Lo ha rivelato il quotidiano Domani che, nell’edizione di venerdì scorso riporta casi di intercettazioni verso i cronisti di Avvenire Nello Scavo, Radio Radicale Sergio Scandura, Antonio Massaro de Il Fatto Quotidiano, Fausto Biloslavo del Giornale, Claudia Di Pasquale, di Report e la reporter Francesca Mannocchi, autrice di numerose inchieste sulla Libia.
Inchiesta Iuventa, intercettati i giornalisti. Nelle carte della Procua di Trapani appaiono nomi di fonti, contatti, rapporti personali, dati che il codice di procedura penale tutela come segreto professionale. https://t.co/e6nHsOX1T9
— Andrea Palladino (@andreapalladino) April 2, 2021
Il caso più eclatante resta quello di Nancy Porsia, giornalista esperta di Libia di cui ha scritto molto anche per Open Migration, intercettata a lungo e anche durante le telefonate con il proprio legale Alessandra Ballerini.
Appena finito di leggere le 300 pagine di informativa della Procura di Trapani. Per circa sei mesi il mio telefono è stato sotto controllo. Hanno ascoltato conversazioni con mia avvocata e spiato mio lavoro da giornalista, in teoria tutelato in democrazia https://t.co/BtW4nyBPYm
— Nancy Porsia (@nancyporsia) April 2, 2021
Intanto il sindacato dei giornalisti chiede di fare chiarezza sulla vicenda: “Chi e perché ha disposto tali misure? Si volevano scoprire le fonti, violando il segreto professionale?” e – come riporta sul Riformista Aldo Torchiaro – insieme all’Ordine ha scritto al presidente della Repubblica “chiedendo un interessamento diretto di Sergio Mattarella, che presiede il Csm. «È la più grave violazione della libertà di stampa dei giornalisti verificata negli ultimi anni»”.
2. Un momento storico particolare per la Libia
Ad accomunare i cronisti, dicevamo, il lavoro di indagine sulla rotta migratoria nel Mediterraneo e le condizioni nelle quali i migranti vengono detenuti nei lager libici.

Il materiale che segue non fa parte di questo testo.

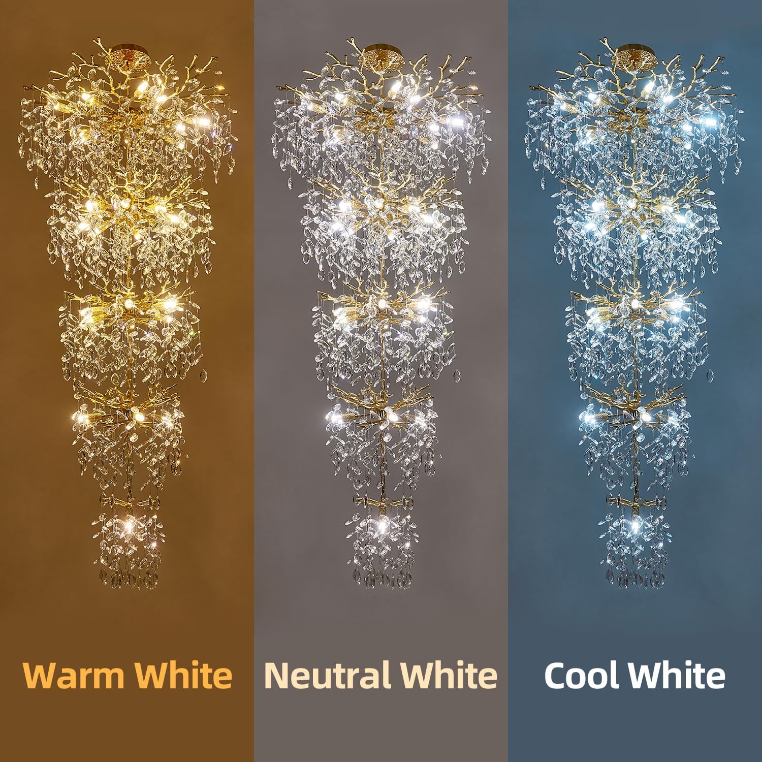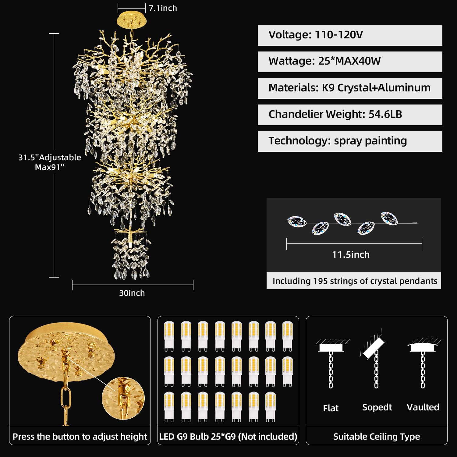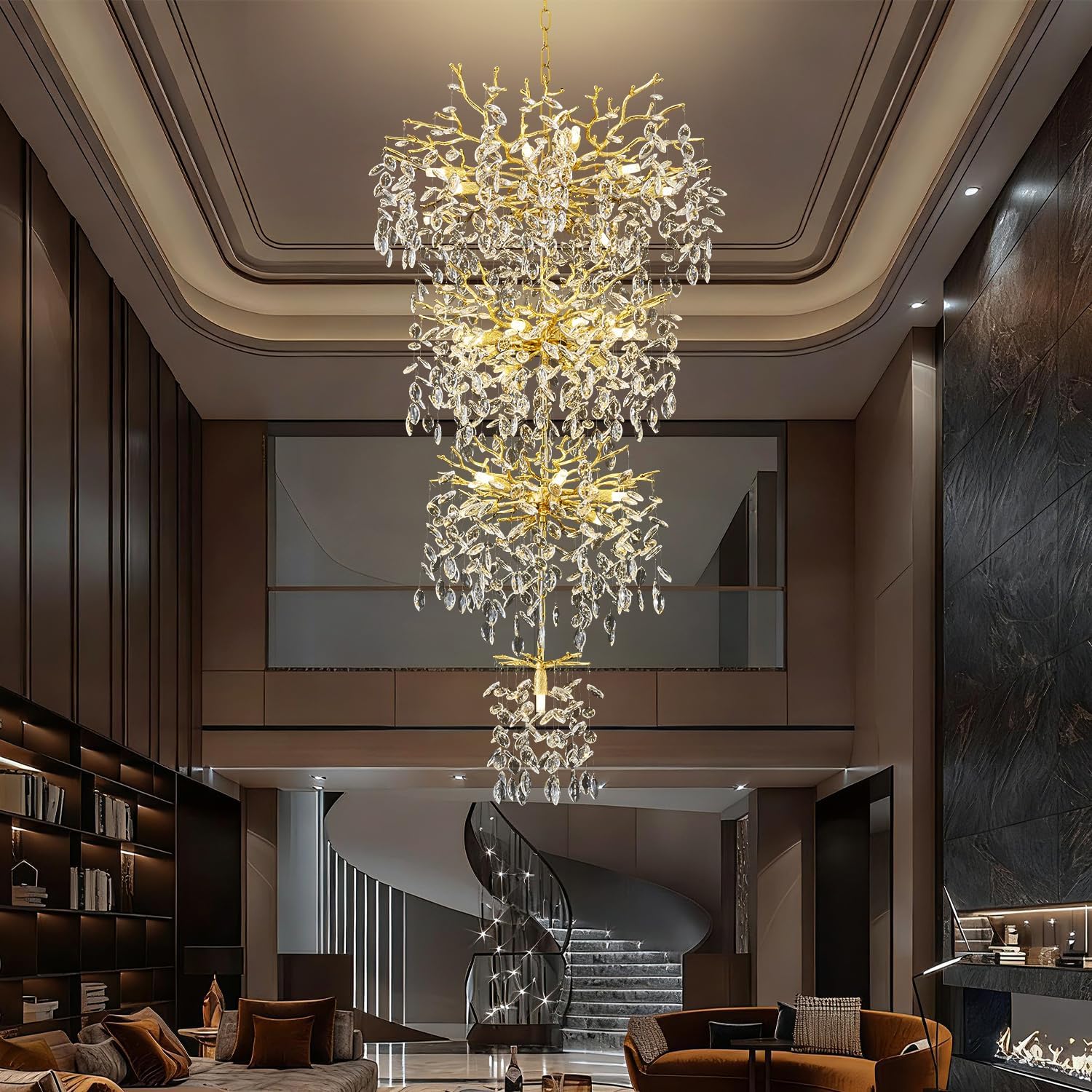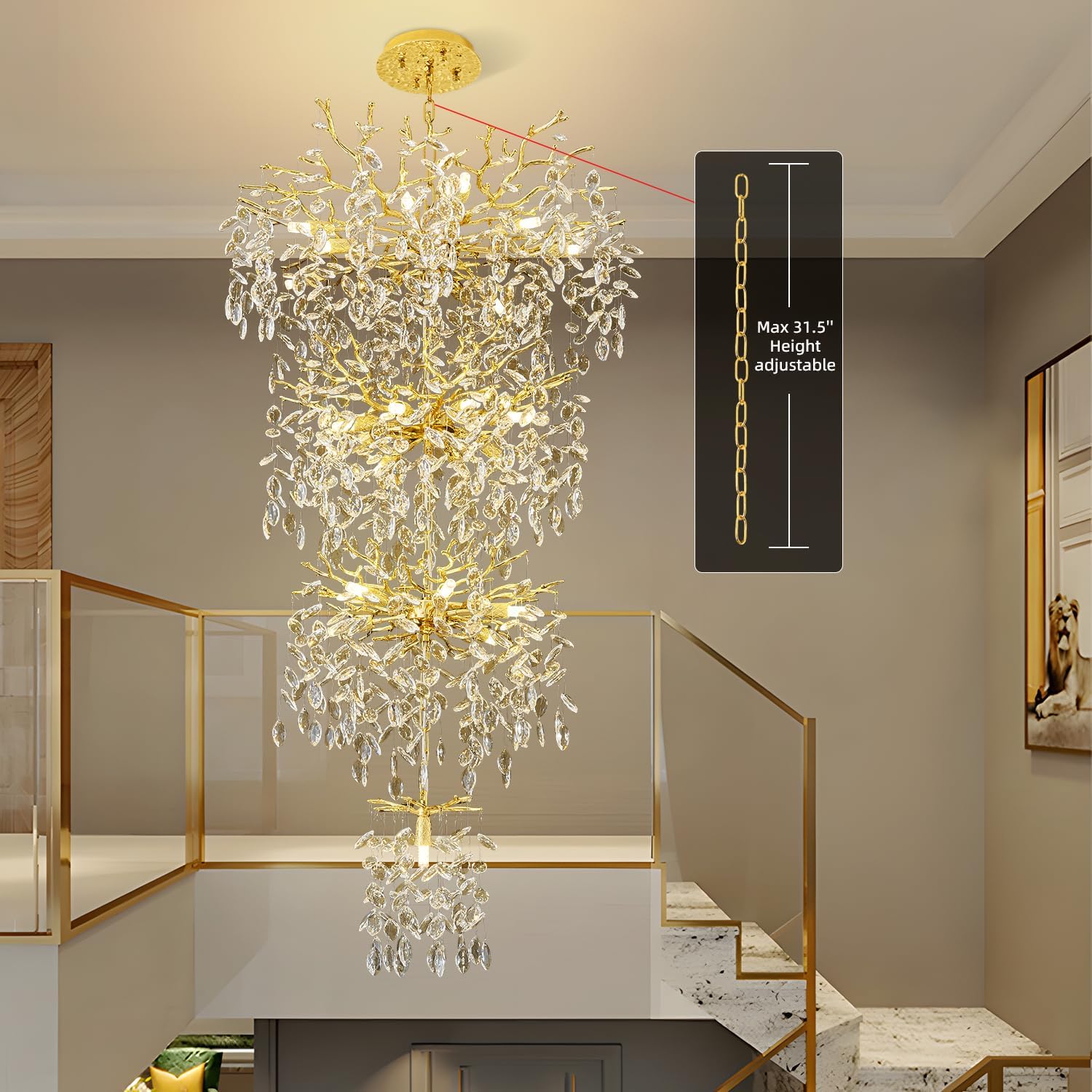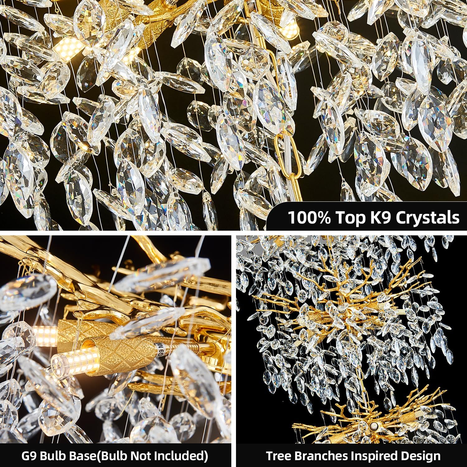 Kanweis Modern Tree Branch Crystal Chandelier 91″ Gold Luxury Large Pendant Lighting 25-Light Contemporary K9 Crystal Chandeliers for Dining Room Kitchen Living Room Foyer Entryway (Gold, H91-Round)
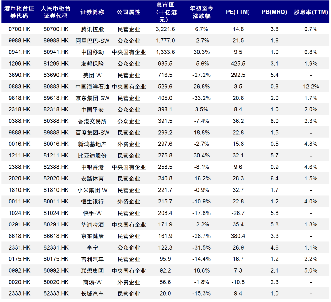 在此背景下,继续持有离岸人民币的投资者,例如大型金融机构和主权财富基金等,其目的应为保留部分人民币计价的敞口。而在人民币交易柜台制度下,其可直接用离岸人民币买入以人民币计价的港股,从而实现保留人民币计价资产的目的。
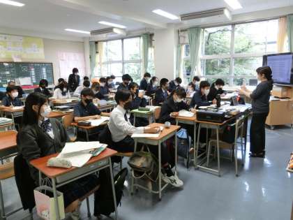 2年生英語は、教室では英文を先生のあとについて読んでいます。
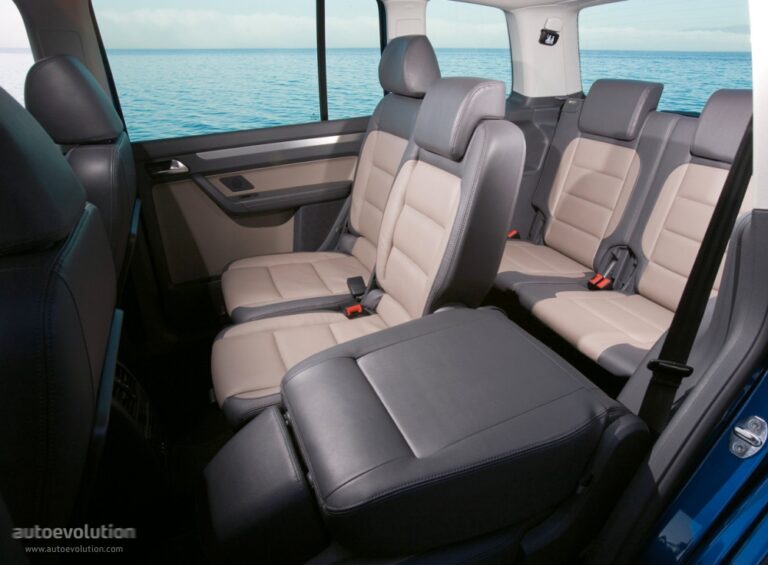 Wnętrze Tourana pomieściło siedem osób, chociaż ostatnie dwa miejsca były odpowiednie tylko dla dzieci z powodu braku miejsca na nogi. Klienci mogli złożyć zarówno środkowy, jak i ostatni rząd siedzeń, aby zwiększyć przestrzeń bagażową, lecz nie były one demontowalne. Volkswagen dodał poduszki powietrzne kurtynowe dla pierwszych dwóch rzędów w ramach bezpieczeństwa, uzupełniając przednie poduszki powietrzne oraz boczne. Punkty mocowania Isofix dla fotelików dziecięcych były standardem w drugim rzędzie. Producent zainstalował system ParkAssist, który kontrolował kierownicę, aby ułatwić manewry parkowania.

Libia che proprio in questi giorni vede nascere un nuovo governo d’unità transitorio e verso cui l’Italia vuole recuperare influenza. Proprio oggi il premier italiano Draghi è volato nel paese nordafricano per incontrare Abdul Hamid Dbeibah, il primo ministro ad interim.

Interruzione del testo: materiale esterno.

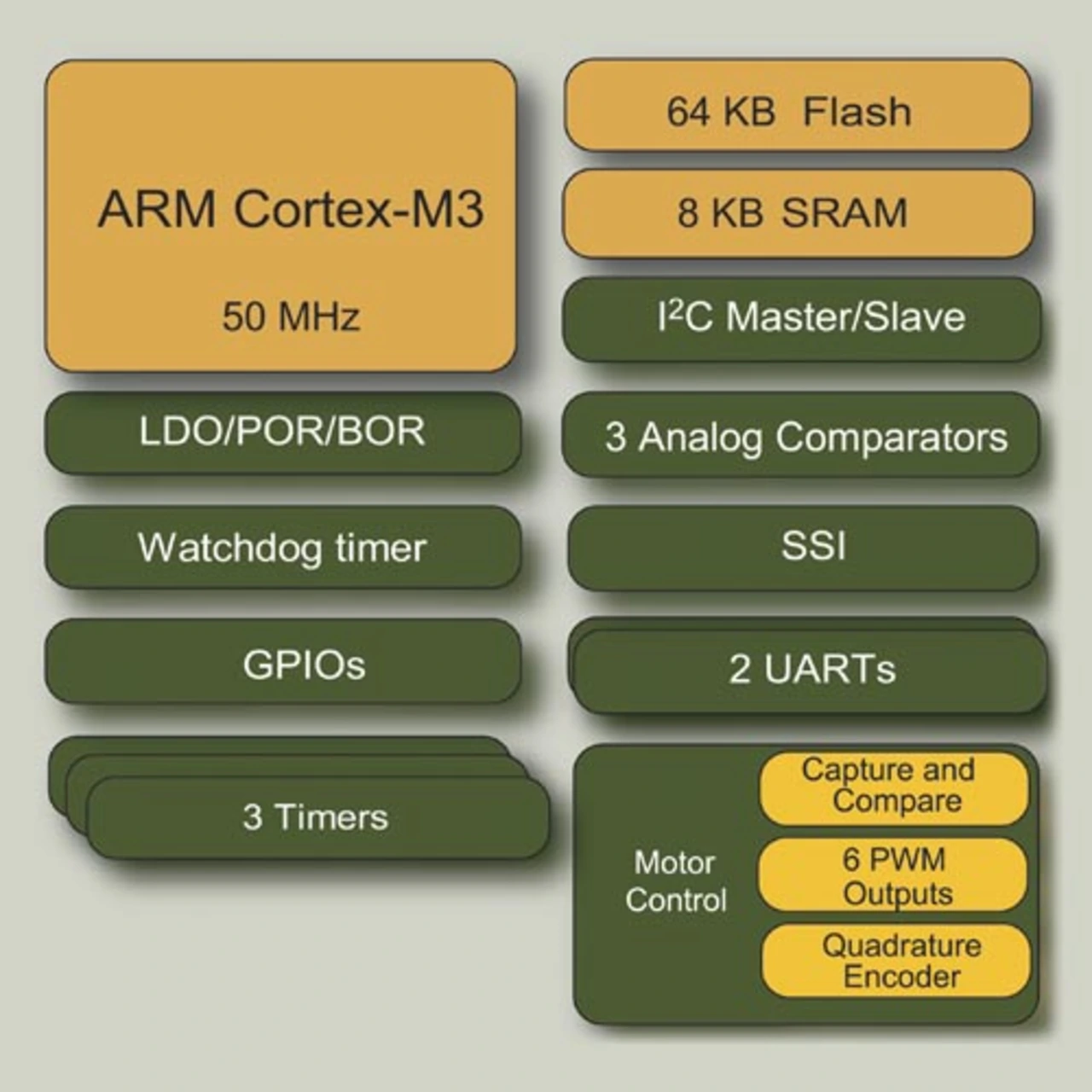 Die »Stellaris«-Familie von Luminary Micro ist für den universellen Einsatz für ein breites Spektrum von Applikation konzipiert, bei denen es auf einfache Integration und Handling sowie hohe Rechenleistung bei niedrigen Preisen ankommt. Deshalb sind auch viele Standardschnittstellen integriert, beispielsweise UART, SPI, I2C sowie ausreichend On-Chip- Flash und -SRAM (Bild 3). Für eine Applikation eignet sich die Stellaris-Familie aber besonders: Im Bereich Motorsteuerungen punkten diese Controller durch spezielle PWM-Module. Diese sind in der Lage, mit 16 Bit aufzulösen, Halb- und Vollbrücken mit Totzeitgenerierung und Not-Aus anzusteuern und die On-Chip-ADCs (Analog/Digital-Wandler) zu speziellen Ereignissen zu triggern und zu synchronisieren, was das Handling mit Inkrementalgebern stark vereinfacht. Kommt es auf dabei zusätzlich auf hohe Auflösungen und komfortable Ansteuerung an, leistet die bei einigen Typen integrierte Quadratur-Encoderschnittstelle gut Dienste.
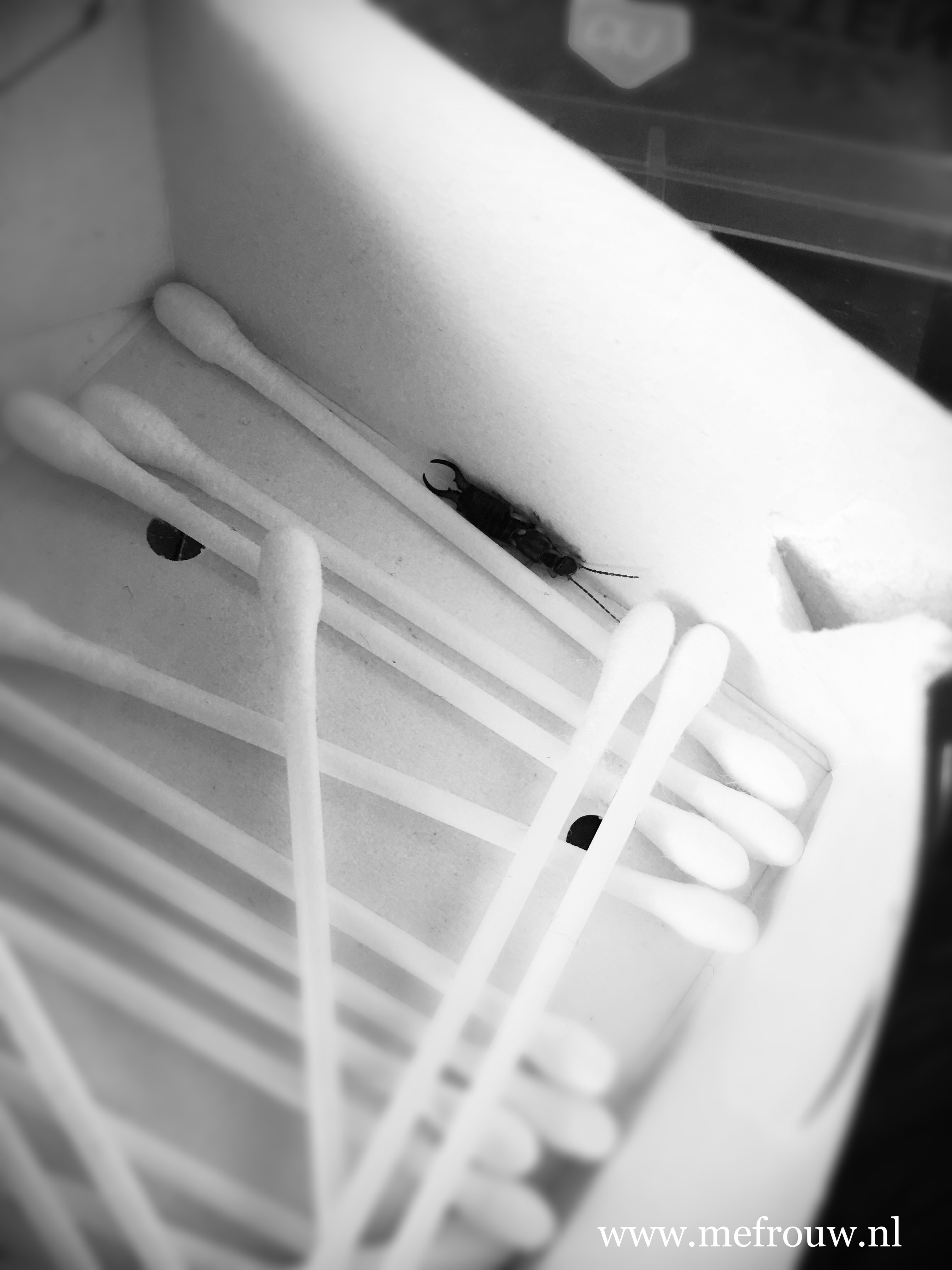 Als ik begin met de koffer uit te pakken en de spulletjes weer op hun plek terug zet, zie ik in het doosje van de wattenstaafjes een verstekeling zitten. Broodje aap of niet deze oorworm maakte mij erg aan het lachen.

Sul tavolo gli investimenti nel paese e, soprattutto, il tema migrazione.
“I due leader hanno parlato della gestione dei flussi migratori nel Mediterraneo, per i quali la Libia ha ricevuto centinaia di milioni di euro in finanziamenti e mezzi — senza contare l’addestramento di personale — dall’Italia e dall’Unione Europea, con esiti quantomeno discutibili.”
Attività su cui, nelle prossime settimane, scrive Nello Scavo su Avvenire, il parlamento italiano dovrà esprimersi votando il rifinanziamento.
Draghi, intanto, ha espresso il suo sostegno all’operato di Tripoli in tema di “salvataggi”.
3. Libia, le inchieste incriminate
Attività, quelle inserite nel Memorandum d’Intesa tra Italia e Libia, al centro di molte delle inchieste dei cronisti intercettati.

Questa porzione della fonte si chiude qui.